Dal cioccolato arriverebbe un nuovo alleato per contrastare i disturbi legati all’insonnia: secondo quanto rivelato da un recente studio condotto dalle Università di Edimburgo e Cambridge, pubblicato sulla rivista Nature, una giusta quantità di cioccolato fondente sarebbe efficace per andare a regolare i ritmi di sonno-veglia delle persone andando a garantire una qualità del sonno migliore.

Questo grazie al magnesio, contenuto naturalmente nel cioccolato fondente, un minerale essenziale per la corretta funzione del proprio organismo: attraverso delle analisi molecolari i ricercatori delle due Università, infatti, i ricercatori sono riusciti a stabilire come questo ingrediente prezioso non solo faccia bene al cuore, aiutando il sistema immunitario, ma è fondamentale anche per aiutare il corretto funzionamento delle cellule impegnate per mantenere il naturale ciclo ambientale tra giorno e notte.

Per evitare di ricorrere ad altri rimedi, tra cui anche integratori specifici, gli esperti consigliano di assumere del semplice cioccolato fondente, introducendolo nella propria alimentazione quotidiana

Tuttavia, se bene i primi risultati sono sembrati positivi, mancherebbero ancora delle prove certe circa l’efficacia del cioccolato con un miglioramento della qualità del sonno: lo stesso Gerben van Ooijen, esperto della Scuola di Scienze Biologiche dell’Università di Edimburgo nonché co-autore dello studio e coordinatore dei ricercatori, per questo motivo ha spiegato come sia fondamentale, nei prossimi studi, “capire in che modo queste osservazioni fondamentalmente nuove si traducano a livelli di tessuti interi o di organismi”.

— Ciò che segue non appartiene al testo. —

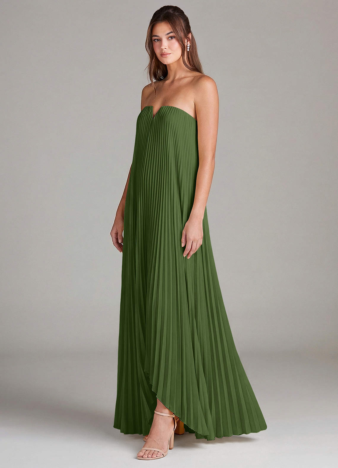 Converteerbaar Jurk van Stretch Satijn met A-Lijn Strapless Olijf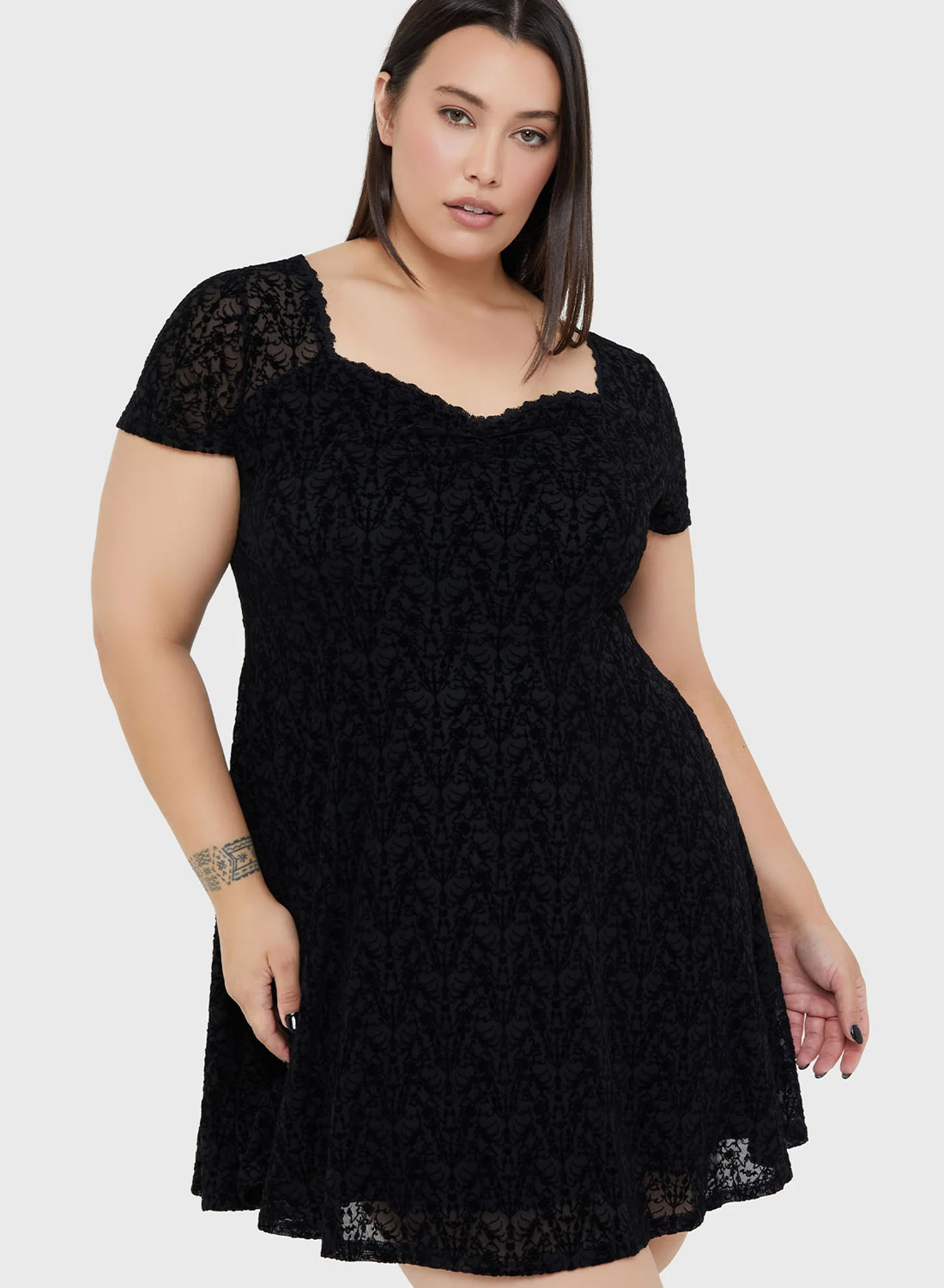Den figursyede overdel fremhæver taljen, mens den let udstrakte nederdel skaber en flatterende silhuet og et blødt fald. Den dekorative blonde sammen med den korte længde giver kjolen et feminint, men alligevel dramatisk look, der passer perfekt indenfor goth mode, alternativ mode og mørk romantisk stil.

Oltre al cioccolato, però, altri cibi sono particolarmente ricchi di magnesio come banane, spinaci, frutta secca e ancora avocado e yogurt: “anche se la rilevanza clinica del magnesio nei diversi tessuti sta cominciando sempre più ad attirare l’attenzione” ha spiegato il co-autore dell’articolo John O’Neillil modo in cui regola l’ orologio interno del nostro corpo e il metabolismo non è semplicemente stato considerato finora. La nuova scoperta potrebbe portare a tutta una serie di benefici che abbracciano diversi ambiti: dalla salute umana alla produttività agricola“.